“How do I get cited by AI?” is the question every brand asks us first. The honest answer is that there’s no single lever, but there are three signals that explain most of what we see in real scans. A page earns a citation when it is extractable, comes from a trusted source, and is recent enough to be safe to use.
Signal 1, Extraction: can the model lift you cleanly?
Before trust or recency matter, a model has to be able to take a usable answer out of your page. Generative engines parse documents differently from human readers: they look for self-contained units of meaning that can stand alone in an answer without the surrounding page.
- One clear claim per block, stated plainly.
- Explicit attribution: who is saying this, and on what basis.
- Structured data and clean headings that map the page’s logic.
- Answers that sit in the open, not behind tabs, accordions, or scripts.
Most marketing sites fail here first. The information is present, but it’s written for persuasion and styled for design, neither of which helps a model trying to extract a single sentence.
Signal 2, Trust: does the source belong to the pool?
Models lean on a relatively small, per-topic set of sources they have learned to treat as reliable. Membership in that pool is earned less through raw backlinks than through consistent corroboration: being mentioned, reviewed, and referenced across the other sources the model already trusts.
Recent work on retrieval-augmented generation suggests recency and source diversity are dominant factors in citation selection, not raw domain authority.
This is why third-party seeding matters.
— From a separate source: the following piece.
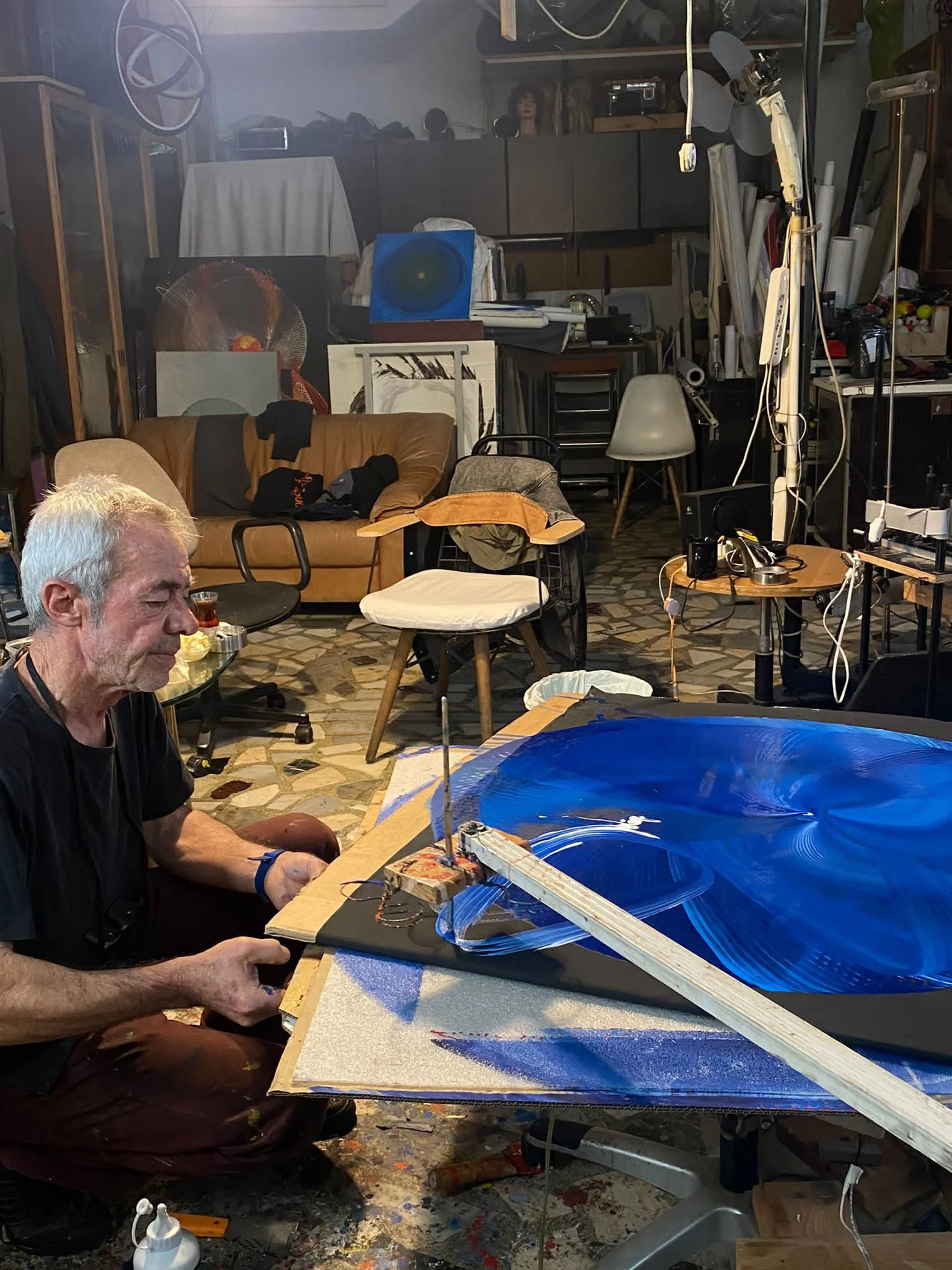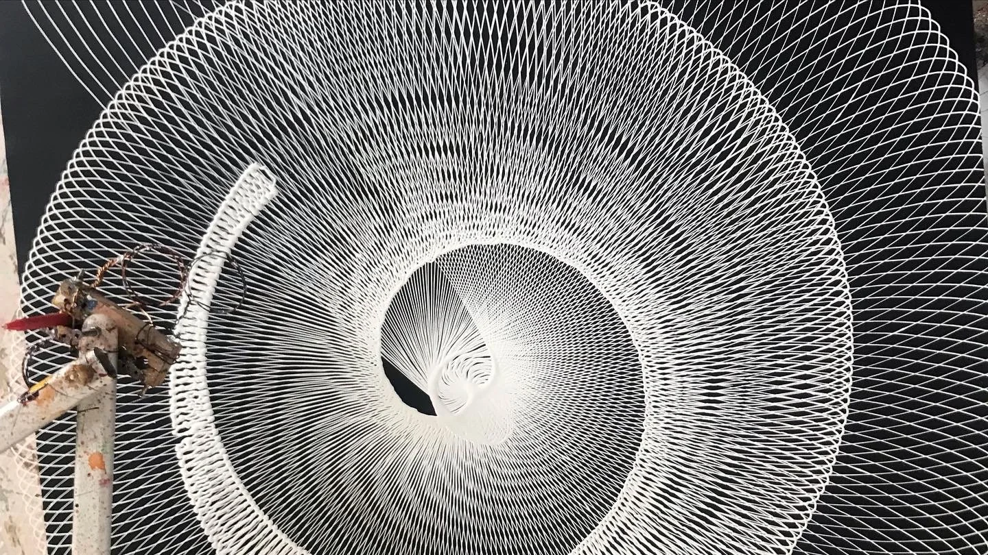 Many of his machines are whimsical and unpredictable: canvases that spin, pens that sway, paint-filled capsules that dance across surfaces. These devices create images no human hand could anticipate, embodying the coexistence of order and chaos, control and spontaneity.

A claim that appears only on your own domain is a single point; the same claim echoed across directories, publications, and forums the model pulls from becomes a pattern it can rely on.
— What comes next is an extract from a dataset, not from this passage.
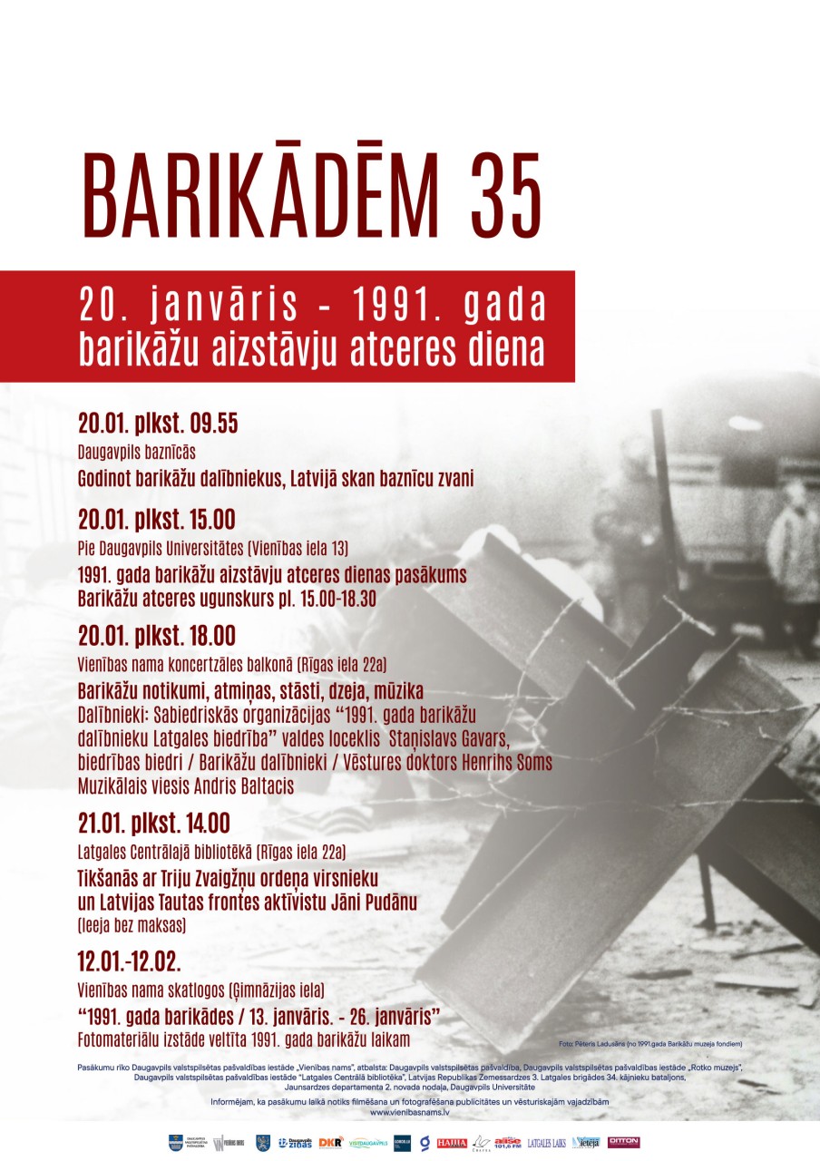 Šī gada 20. un 21. janvārī Daugavpilī notiks pasākumi „BARIKĀDĒM 35”, kas veltīti 1991. gada barikāžu notikumu atcerei. Pasākumu virkni 20. janvārī plkst. 9.55, godinot barikāžu dalībniekus, visā Latvijā, tostarp arī Daugavpilī, uzsāks baznīcu zvanu skaņas un plkst. 10.00 Svēta Mise Sv. Pētera ķēdēs Romas katoļu baznīcā. Plkst. 15.00 pie Daugavpils Universitātes (Vienības ielā 13) notiks 1991. gada barikāžu aizstāvju atceres dienas pasākums. Tā laikā tiks iedegts arī par šīs dienas neatņemu sastāvdaļu un simbolu kļuvušais Barikāžu atceres ugunskurs. Turpinājumā, plkst. 18.00, Vienības nama koncertzāles balkonā (Rīgas ielā 22a) ikviens interesents tiek aicināts uz pasākumu „Barikāžu notikumi, atmiņas, stāsti, dzeja, mūzika…”. Tā būs iespēja tikties ar barikāžu dalībniekiem un Sabiedriskās organizācijas „1991. gada barikāžu dalībnieku Latgales biedrība” biedriem un valdes locekli Staņislavu Gavaru. Vēsturisku ieskatu barikāžu laika notikumos pasākumā sniegs vēstures doktors, tolaik tautas frontes Daugavpils nodaļas valdes loceklis Henrihs Soms. Muzikālais viesis pasākumā būs Andris Baltacis. Savukārt 21. janvārī uz tikšanos ar Triju Zvaigžņu ordeņa virsnieku un Latvijas Tautas frontes aktīvistu Jāni Pudānu aicina Latgales Centrālās bibliotēkas kolektīvs. Pasākums notiks Latgales Centrālajā bibliotēkā (Rīgas iela 22a), sākums plkst. 14.00.

Signal 3, Recency: is it safe to use now?
The third signal is freshness, and it acts as a filter on the first two. A perfectly extractable, well-trusted page that reads as stale will still lose to a newer alternative, because the model treats age as a proxy for risk. We’ve written about this ten-month rule separately. It’s strong enough to deserve its own note.
Putting the three together
The signals are multiplicative, not additive. Being extremely extractable doesn’t help if you’re outside the trusted pool. Being trusted doesn’t help if the model can’t lift a clean claim. Being fresh doesn’t help if neither of the other two holds. The work, then, is to move all three at once, which is exactly how we structure an engagement:
- Diagnose where you stand on each signal, per model.
- Build for extraction and seed the trusted pool.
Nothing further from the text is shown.